TASK OBJECTIVE: Every line from the line containing "Como veíamos en" through the end of the data is to be reproduced exactly, excluding pictures.

INPUT DATA:
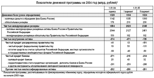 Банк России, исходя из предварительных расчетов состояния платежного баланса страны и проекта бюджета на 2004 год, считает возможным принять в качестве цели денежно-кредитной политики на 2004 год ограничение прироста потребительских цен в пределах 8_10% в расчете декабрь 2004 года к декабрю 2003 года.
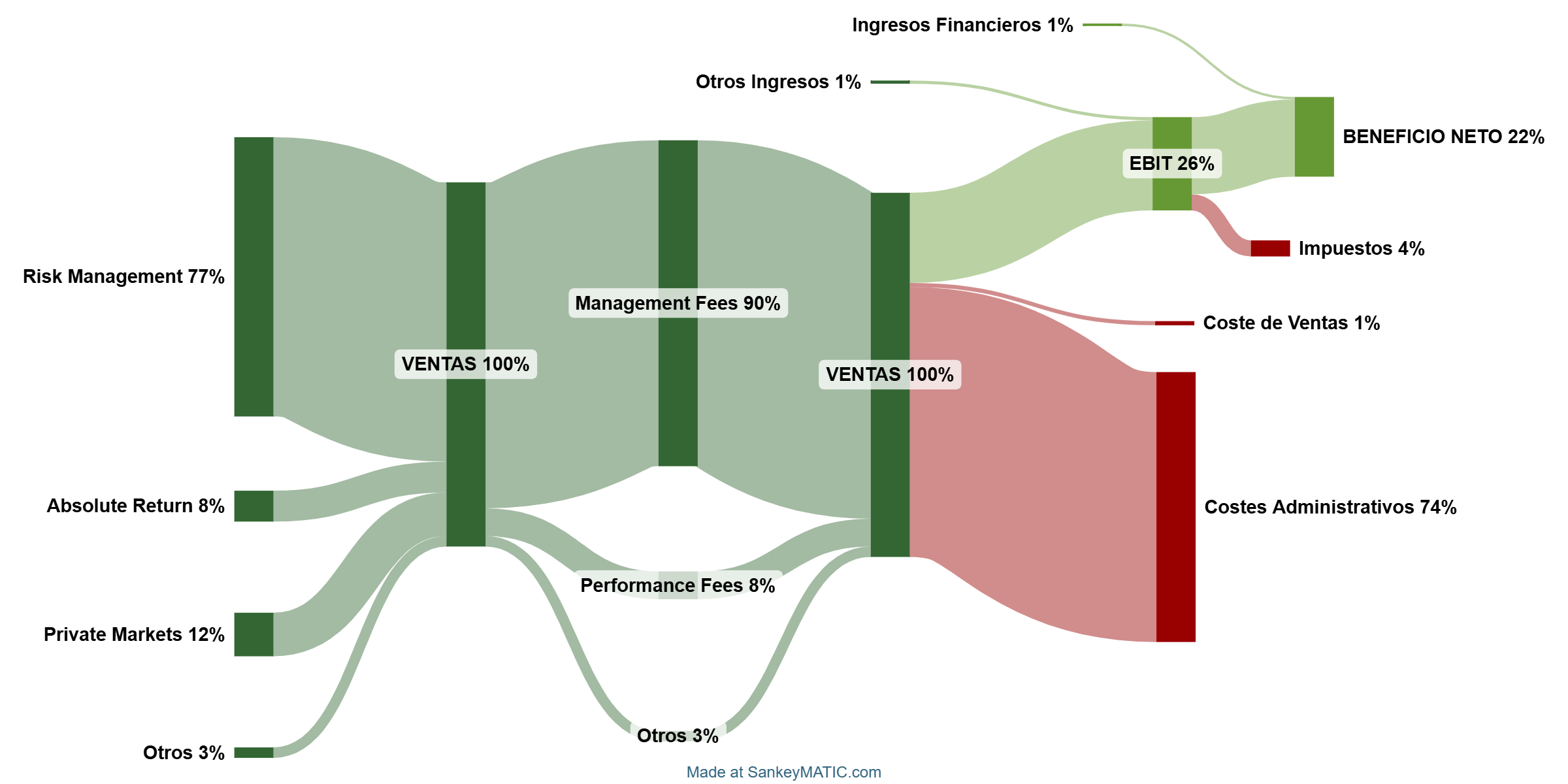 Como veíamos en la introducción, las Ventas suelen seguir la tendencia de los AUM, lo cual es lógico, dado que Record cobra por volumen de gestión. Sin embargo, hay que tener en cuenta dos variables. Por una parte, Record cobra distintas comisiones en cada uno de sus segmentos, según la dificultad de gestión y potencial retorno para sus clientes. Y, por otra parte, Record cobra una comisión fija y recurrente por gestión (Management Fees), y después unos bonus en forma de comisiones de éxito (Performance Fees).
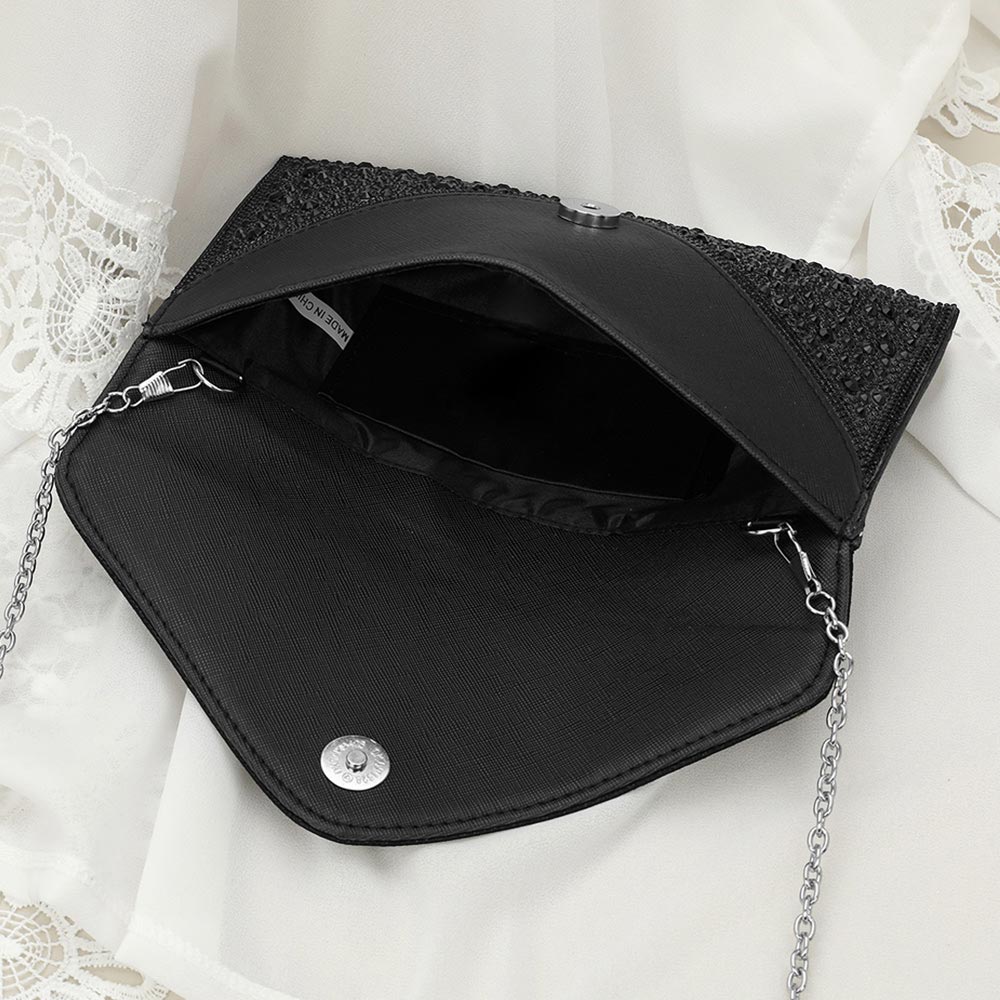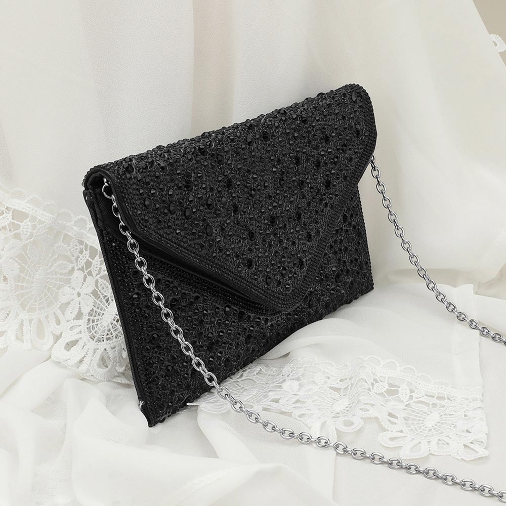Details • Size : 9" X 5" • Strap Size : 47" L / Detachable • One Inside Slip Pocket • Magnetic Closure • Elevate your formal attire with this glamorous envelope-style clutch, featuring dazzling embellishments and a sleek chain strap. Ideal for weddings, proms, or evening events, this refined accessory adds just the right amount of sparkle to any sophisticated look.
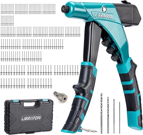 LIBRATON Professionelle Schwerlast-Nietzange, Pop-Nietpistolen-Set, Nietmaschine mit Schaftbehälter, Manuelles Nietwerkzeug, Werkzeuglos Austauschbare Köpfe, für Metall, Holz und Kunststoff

ANSWER SECTION:
 Como veíamos en la introducción, las Ventas suelen seguir la tendencia de los AUM, lo cual es lógico, dado que Record cobra por volumen de gestión. Sin embargo, hay que tener en cuenta dos variables. Por una parte, Record cobra distintas comisiones en cada uno de sus segmentos, según la dificultad de gestión y potencial retorno para sus clientes. Y, por otra parte, Record cobra una comisión fija y recurrente por gestión (Management Fees), y después unos bonus en forma de comisiones de éxito (Performance Fees).
Details • Size : 9" X 5" • Strap Size : 47" L / Detachable • One Inside Slip Pocket • Magnetic Closure • Elevate your formal attire with this glamorous envelope-style clutch, featuring dazzling embellishments and a sleek chain strap. Ideal for weddings, proms, or evening events, this refined accessory adds just the right amount of sparkle to any sophisticated look.
 LIBRATON Professionelle Schwerlast-Nietzange, Pop-Nietpistolen-Set, Nietmaschine mit Schaftbehälter, Manuelles Nietwerkzeug, Werkzeuglos Austauschbare Köpfe, für Metall, Holz und Kunststoff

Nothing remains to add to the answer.